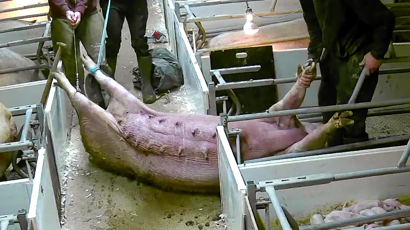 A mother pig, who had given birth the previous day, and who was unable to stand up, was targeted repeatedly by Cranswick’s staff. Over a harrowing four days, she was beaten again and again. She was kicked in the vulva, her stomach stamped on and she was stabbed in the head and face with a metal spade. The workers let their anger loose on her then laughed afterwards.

***

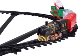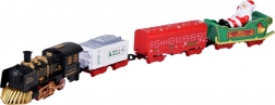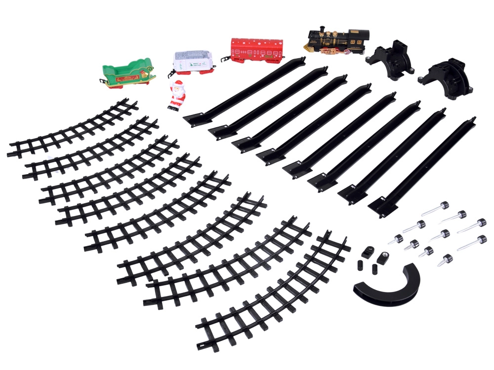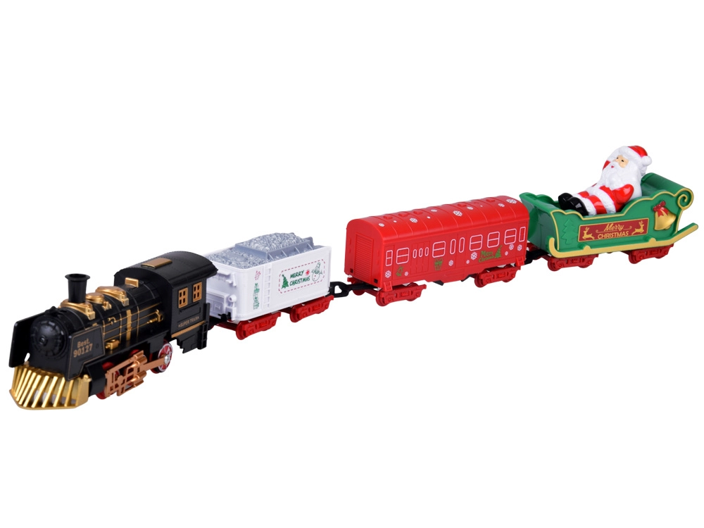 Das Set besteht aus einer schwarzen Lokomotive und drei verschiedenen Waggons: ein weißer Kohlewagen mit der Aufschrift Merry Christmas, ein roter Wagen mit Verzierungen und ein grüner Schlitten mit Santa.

***

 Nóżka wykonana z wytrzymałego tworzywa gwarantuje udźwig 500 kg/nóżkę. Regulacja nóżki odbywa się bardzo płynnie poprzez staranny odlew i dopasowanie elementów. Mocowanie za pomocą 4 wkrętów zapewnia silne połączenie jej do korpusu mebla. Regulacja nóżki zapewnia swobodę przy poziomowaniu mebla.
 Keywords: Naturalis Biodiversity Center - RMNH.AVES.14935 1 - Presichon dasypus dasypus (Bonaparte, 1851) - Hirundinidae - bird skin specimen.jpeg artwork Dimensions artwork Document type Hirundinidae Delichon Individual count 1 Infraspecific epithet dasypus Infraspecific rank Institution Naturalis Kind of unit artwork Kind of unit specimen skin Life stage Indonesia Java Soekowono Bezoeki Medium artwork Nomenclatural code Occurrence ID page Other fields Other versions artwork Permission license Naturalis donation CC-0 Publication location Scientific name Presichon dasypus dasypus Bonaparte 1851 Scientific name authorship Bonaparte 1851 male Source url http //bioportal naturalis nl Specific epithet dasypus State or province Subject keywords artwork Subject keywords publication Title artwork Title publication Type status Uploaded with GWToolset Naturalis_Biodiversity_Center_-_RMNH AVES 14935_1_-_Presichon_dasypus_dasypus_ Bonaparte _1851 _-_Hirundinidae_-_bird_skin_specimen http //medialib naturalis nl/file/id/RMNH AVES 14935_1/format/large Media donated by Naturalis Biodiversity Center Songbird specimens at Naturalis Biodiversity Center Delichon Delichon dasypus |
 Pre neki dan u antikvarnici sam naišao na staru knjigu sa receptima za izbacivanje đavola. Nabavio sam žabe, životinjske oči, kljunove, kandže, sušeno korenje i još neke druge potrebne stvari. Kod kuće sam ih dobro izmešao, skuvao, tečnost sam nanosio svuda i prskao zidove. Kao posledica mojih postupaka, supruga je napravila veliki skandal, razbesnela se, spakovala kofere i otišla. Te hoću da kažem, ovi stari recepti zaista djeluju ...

***

AIM OF THE TASK |
Using the material above, transcribe exactly the lines from the line with "Keywords: Naturalis Biodiversity" to the line with "Pre neki dan"; both count, and nothing else goes in.

EXERCISE OUTPUT |
 Keywords: Naturalis Biodiversity Center - RMNH.AVES.14935 1 - Presichon dasypus dasypus (Bonaparte, 1851) - Hirundinidae - bird skin specimen.jpeg artwork Dimensions artwork Document type Hirundinidae Delichon Individual count 1 Infraspecific epithet dasypus Infraspecific rank Institution Naturalis Kind of unit artwork Kind of unit specimen skin Life stage Indonesia Java Soekowono Bezoeki Medium artwork Nomenclatural code Occurrence ID page Other fields Other versions artwork Permission license Naturalis donation CC-0 Publication location Scientific name Presichon dasypus dasypus Bonaparte 1851 Scientific name authorship Bonaparte 1851 male Source url http //bioportal naturalis nl Specific epithet dasypus State or province Subject keywords artwork Subject keywords publication Title artwork Title publication Type status Uploaded with GWToolset Naturalis_Biodiversity_Center_-_RMNH AVES 14935_1_-_Presichon_dasypus_dasypus_ Bonaparte _1851 _-_Hirundinidae_-_bird_skin_specimen http //medialib naturalis nl/file/id/RMNH AVES 14935_1/format/large Media donated by Naturalis Biodiversity Center Songbird specimens at Naturalis Biodiversity Center Delichon Delichon dasypus |
 Pre neki dan u antikvarnici sam naišao na staru knjigu sa receptima za izbacivanje đavola. Nabavio sam žabe, životinjske oči, kljunove, kandže, sušeno korenje i još neke druge potrebne stvari. Kod kuće sam ih dobro izmešao, skuvao, tečnost sam nanosio svuda i prskao zidove. Kao posledica mojih postupaka, supruga je napravila veliki skandal, razbesnela se, spakovala kofere i otišla. Te hoću da kažem, ovi stari recepti zaista djeluju ...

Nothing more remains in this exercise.